### DESCRIPTION OF THE TASK
Print the lines of the listing below verbatim from its first line through the line bearing "INKARTLINK Tattoo Tech, 3". Any pictures are to be omitted.

### SOURCE DATA
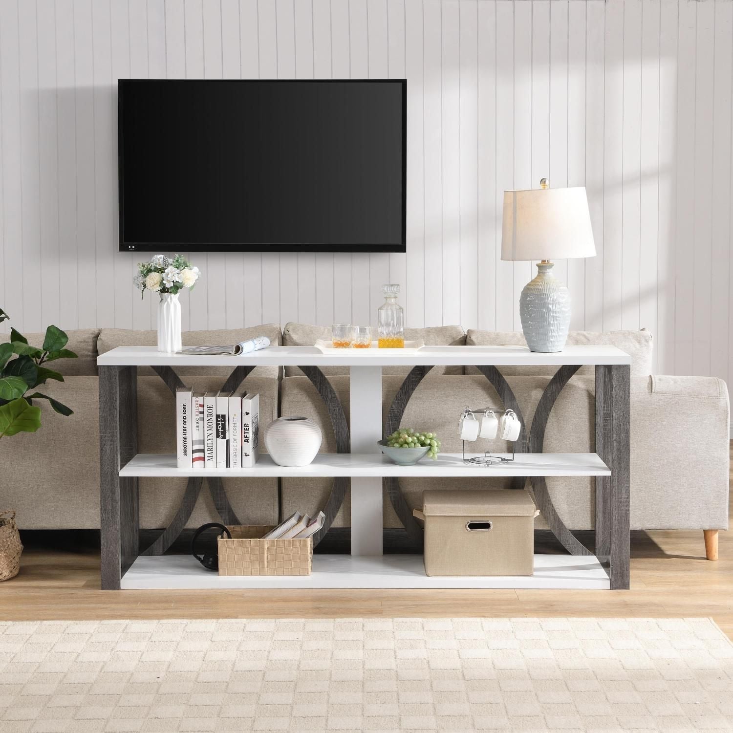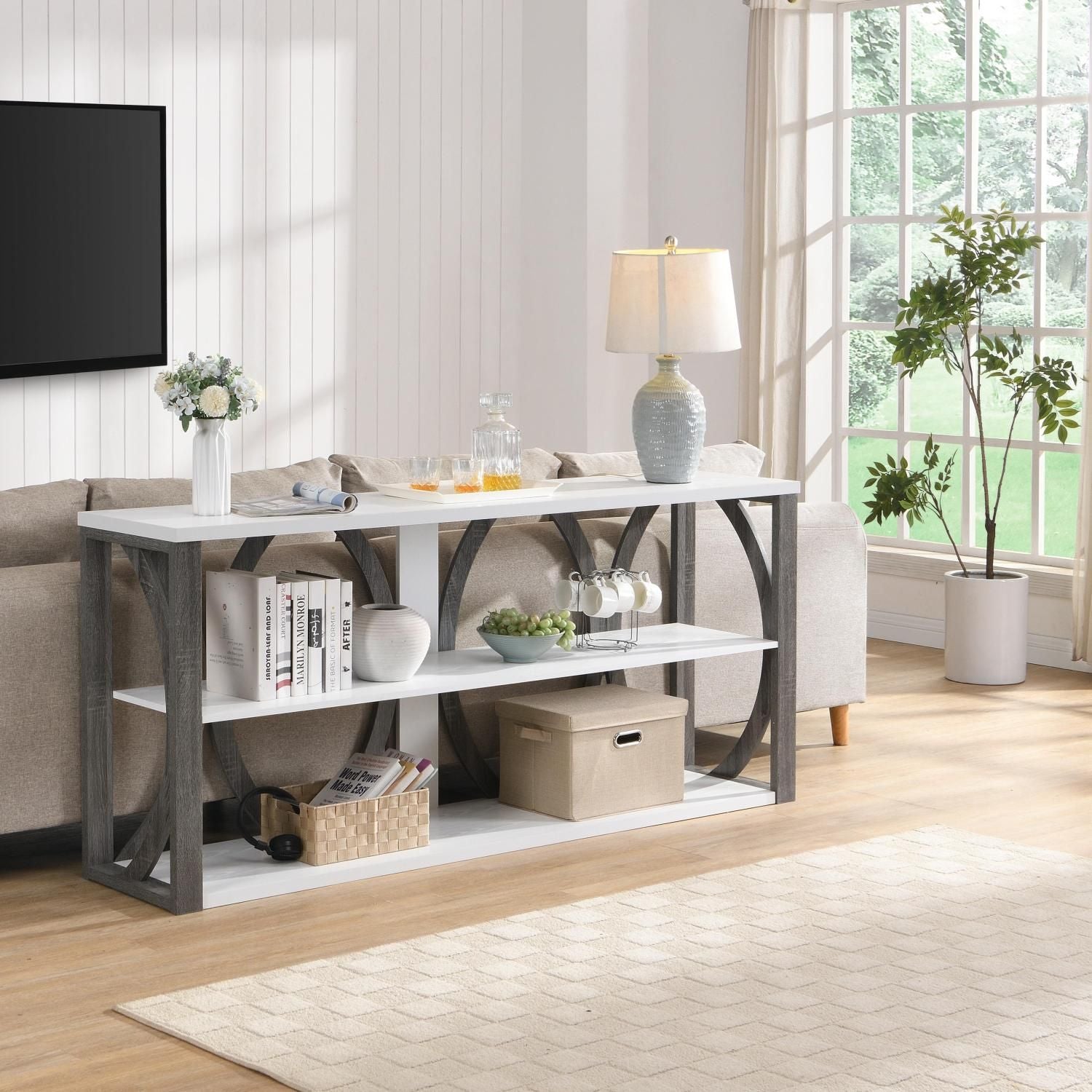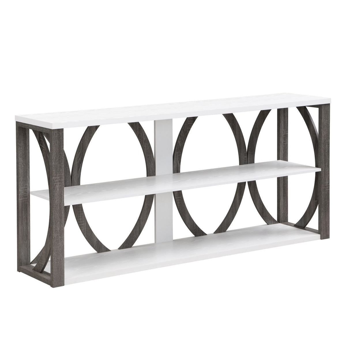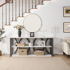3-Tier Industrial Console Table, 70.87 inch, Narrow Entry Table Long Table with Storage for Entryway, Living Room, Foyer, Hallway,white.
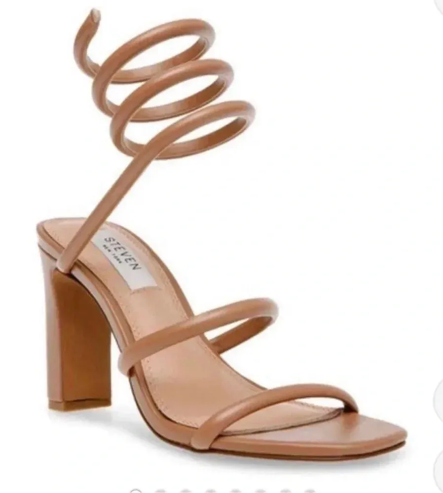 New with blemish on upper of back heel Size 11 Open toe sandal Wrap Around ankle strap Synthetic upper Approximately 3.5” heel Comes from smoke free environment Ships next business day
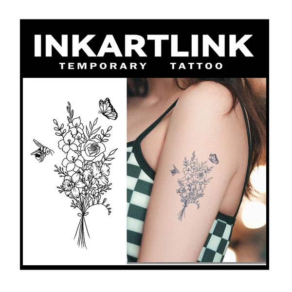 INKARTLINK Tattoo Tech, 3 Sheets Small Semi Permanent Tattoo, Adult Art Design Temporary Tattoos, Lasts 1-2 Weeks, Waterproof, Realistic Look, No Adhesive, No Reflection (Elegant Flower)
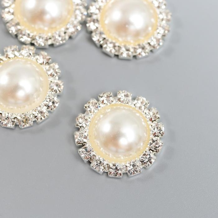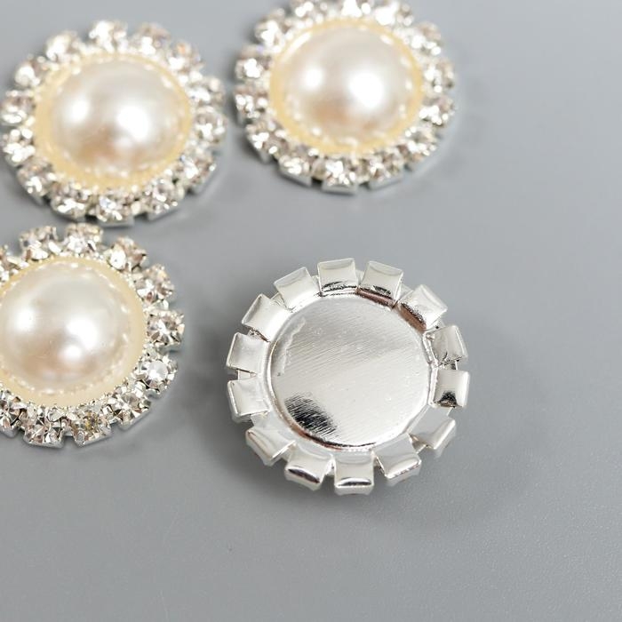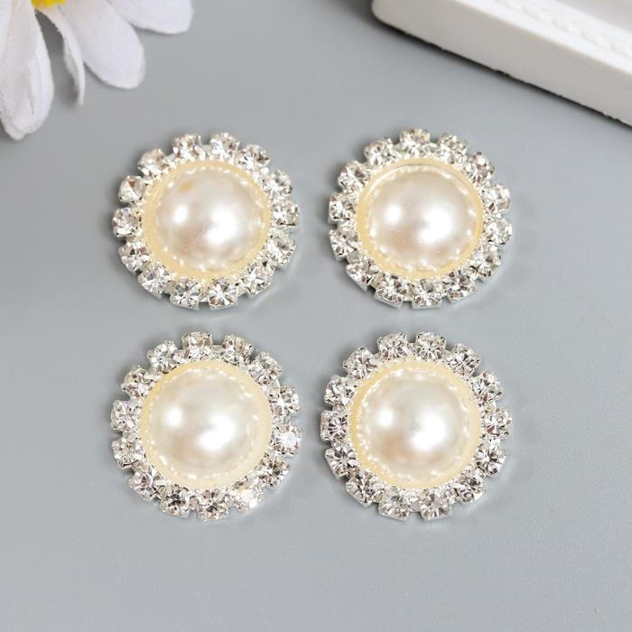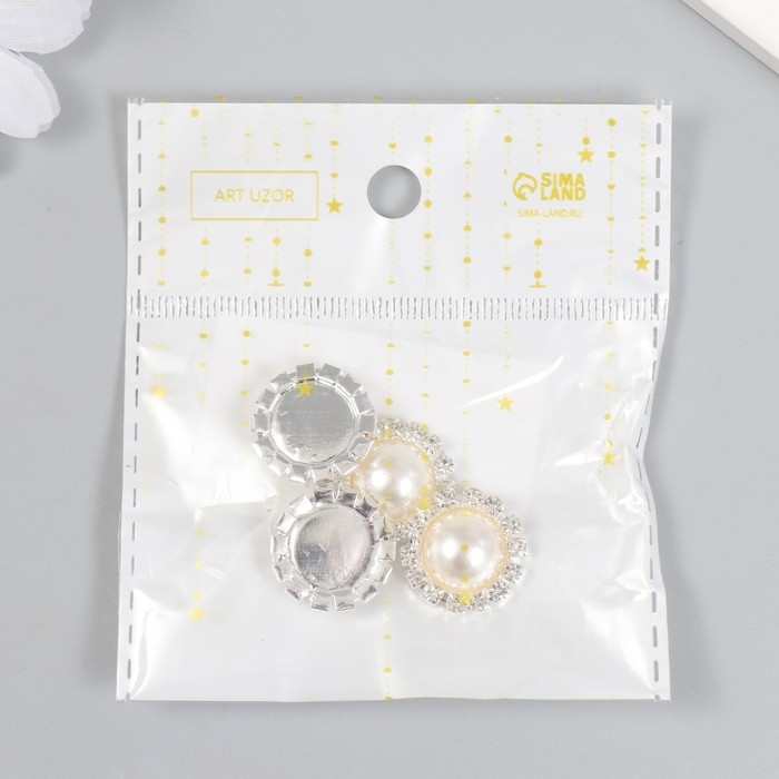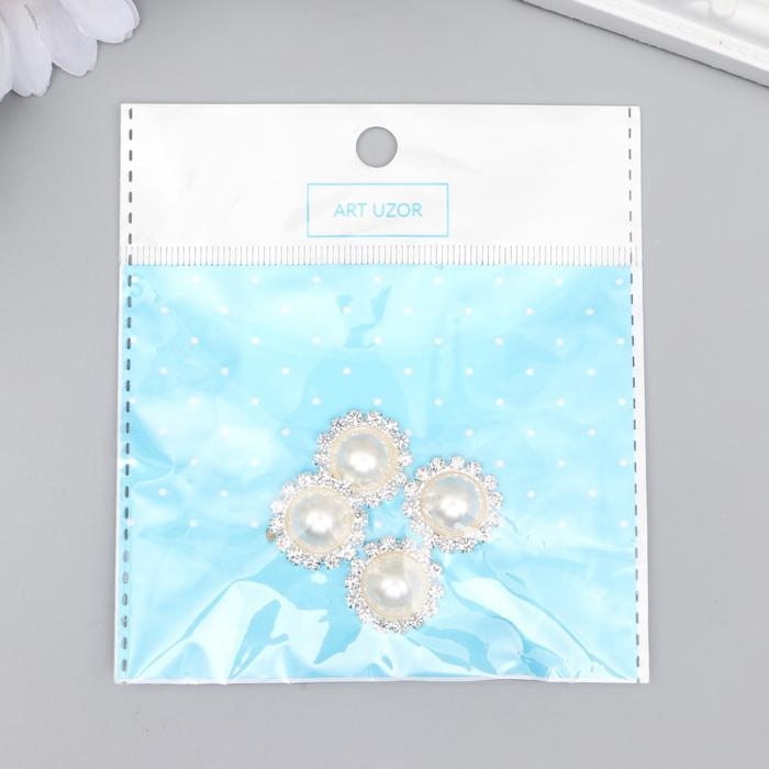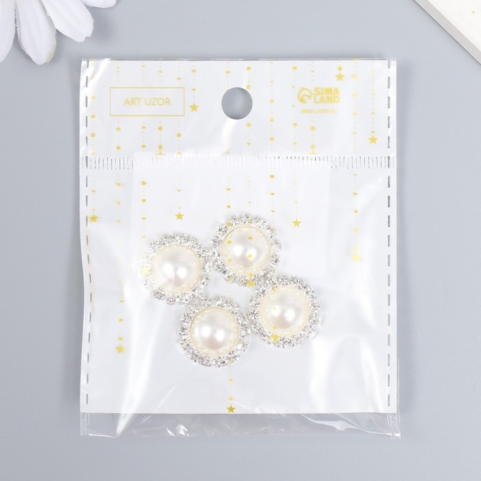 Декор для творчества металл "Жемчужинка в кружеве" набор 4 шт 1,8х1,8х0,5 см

### SOLUTION FOR THIS EXERCISE
3-Tier Industrial Console Table, 70.87 inch, Narrow Entry Table Long Table with Storage for Entryway, Living Room, Foyer, Hallway,white.
 New with blemish on upper of back heel Size 11 Open toe sandal Wrap Around ankle strap Synthetic upper Approximately 3.5” heel Comes from smoke free environment Ships next business day
 INKARTLINK Tattoo Tech, 3 Sheets Small Semi Permanent Tattoo, Adult Art Design Temporary Tattoos, Lasts 1-2 Weeks, Waterproof, Realistic Look, No Adhesive, No Reflection (Elegant Flower)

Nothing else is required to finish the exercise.